Maringá - A crise no PT de Maringá por causa da distribuição de panfletos contra vereadores está provocando baixas no diretório do partido. Desde o início da semana, dez pessoas da administração municipal, entre elas quatro secretários, deixaram a executiva do PT. O líder do partido na Câmara Municipal, vereador Beto Brescansin renunciou à liderança e deixou o diretório. Em seu lugar, na liderança do Legislativo, assumiu a vereadora Silvana Alves (PT). A atitude dos secretários segue uma orientação do próprio prefeito José Claúdio Pereira Neto (PT) que pediu para ocupantes de cargos de confiança deixarem o diretório municipal.
Segundo o presidente do PT municipal, Claudemir Romancini, o partido vai tentar que os diretores mudem de idéia. ‘‘Vejo esta crise como um salto positivo porque pela primeira vez o partido, o prefeito e o Legislativo se conflitam e agora o espaço está aberto para discussões prévias, principalmente com relação a projetos polêmicos’’, disse Romancini.

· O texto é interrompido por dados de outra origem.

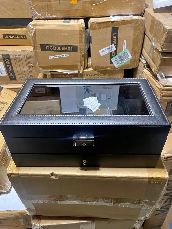 Crafted with sleek black synthetic leather, a large clear glass lid, and a soft black lining, this watch case adds a touch of luxury to any dresser or closet.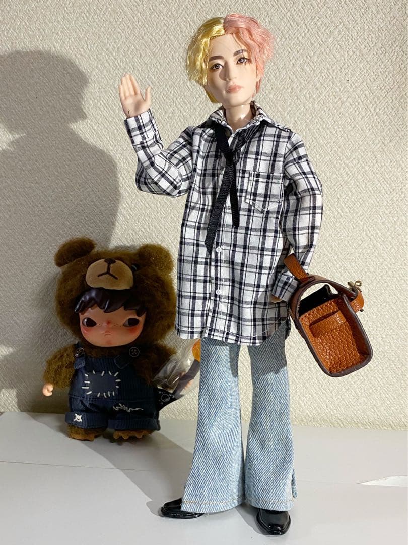 BTSマテルドール服★リボンタイ付きチェックシャツ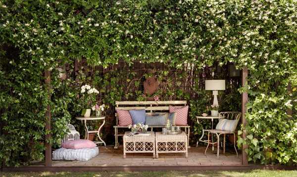 Если на территории высадить множество вьющихся видов растений, то легко можно скорректировать микроклимат на небольшом участке.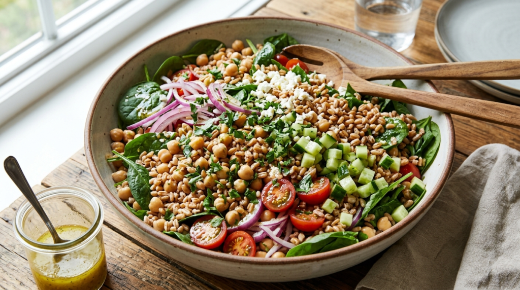 En un tazón grande, mezclar el farro cocido, los garbanzos, las espinacas, cebolla, tomates, pepino y perejil.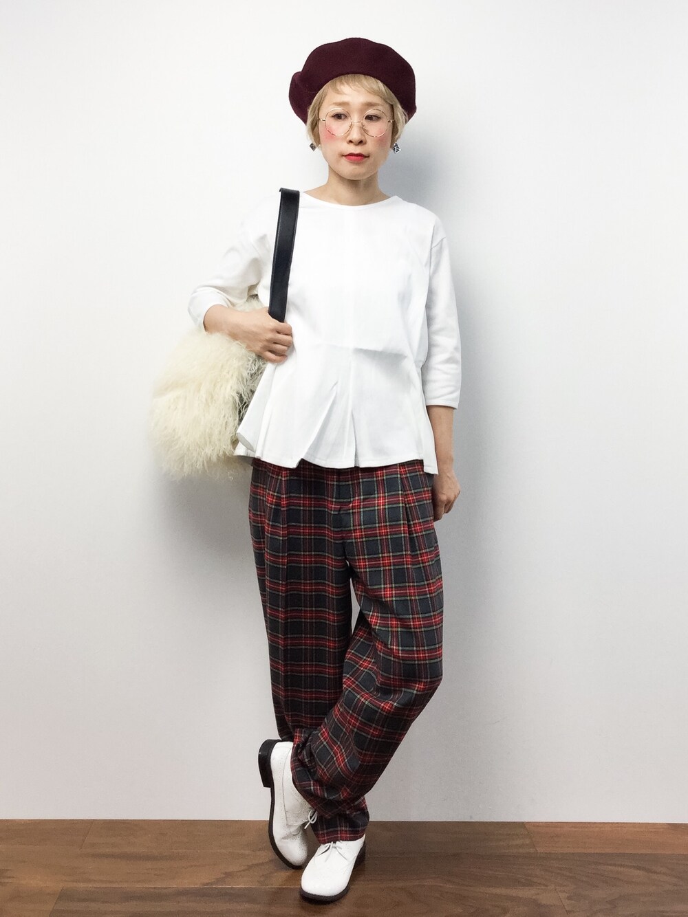 カットソー×タータンチェックパンツ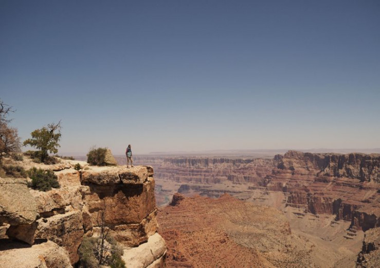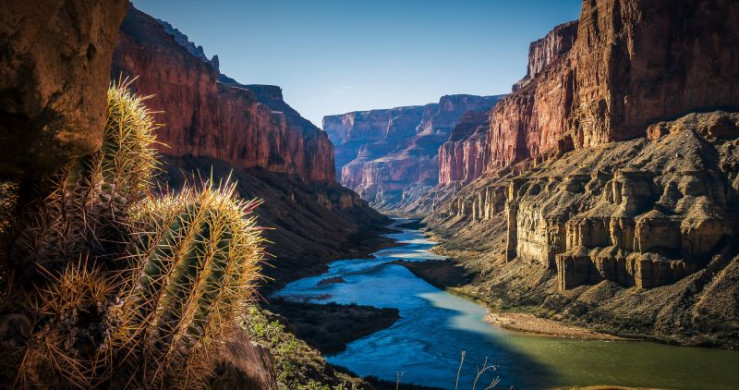 Eine Aufnahme des Grand Canyon; im Vordergrund ein Kaktus.
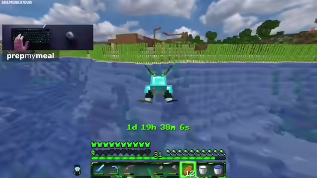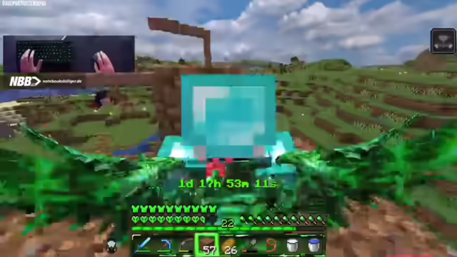01:53:17Der Full-Enchanter ist nun einsatzbereit, was bedeutet, dass Prod 4, Sharpness 5, Looting 3 und andere nützliche Verzauberungen nun leichter zu erhalten sind. Die vorhandene Mobfarm unterstützt diesen Prozess zusätzlich. Es wird die Freude darüber ausgedrückt, nun stabile Verzauberungen durchführen zu können. Der Streamer spricht über das Erreichen von Level 30 und die Gefahren in einem Ultra-Hardcore-Projekt mit nur einem halben Herzen. Die Monster erleiden teilweise zu viel Fallschaden. Es wird überlegt, wie man die Hexe dazu bringen kann, sich selbst zu heilen, indem sie sich mit Tränken bewirft. Es wird vermutet, dass ein Block über ihr das verhindern könnte. Die Lösung ist vermeintlich einfach.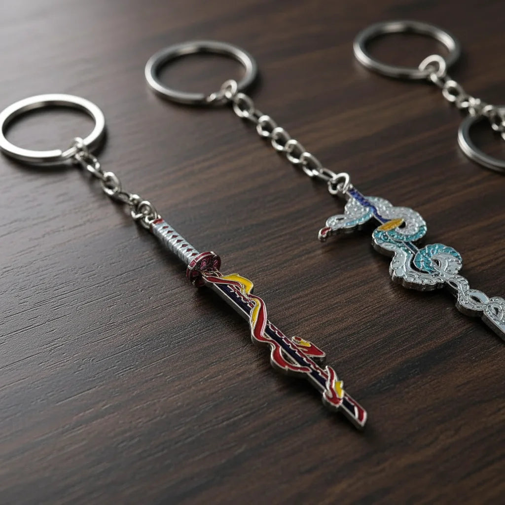 Crafted from robust metal, these keychains are designed for everyday adventures. They resist wear and tear, ensuring your favorite Demon Slayer sword stays pristine and ready to accompany you anywhere.

A crise começou na semana passada quando o diretório do PT distribuiu 5 mil panfletos criticando a posição de 12 vereadores que derrubaram o veto do prefeito em um projeto de criação do Conselho Municipal de Transportes. Por causa do panfleto, os vereadores entraram com uma representação criminal contra o PT. Assessores municipais alegam que o prefeito não tinha conhecimento do teor do panfleto.
A situação colocou fim ao relacionamento harmônico entre Executivo e Legislativo. Vereadores de outros partidos disseram que vão boicotar projetos do Executivo. Enquanto isso, o PT promete que não vai mudar sua postura e pretende distribuir panfletos citando nominalmente os vereadores que deixarem de votar projetos de interesse da comunidade.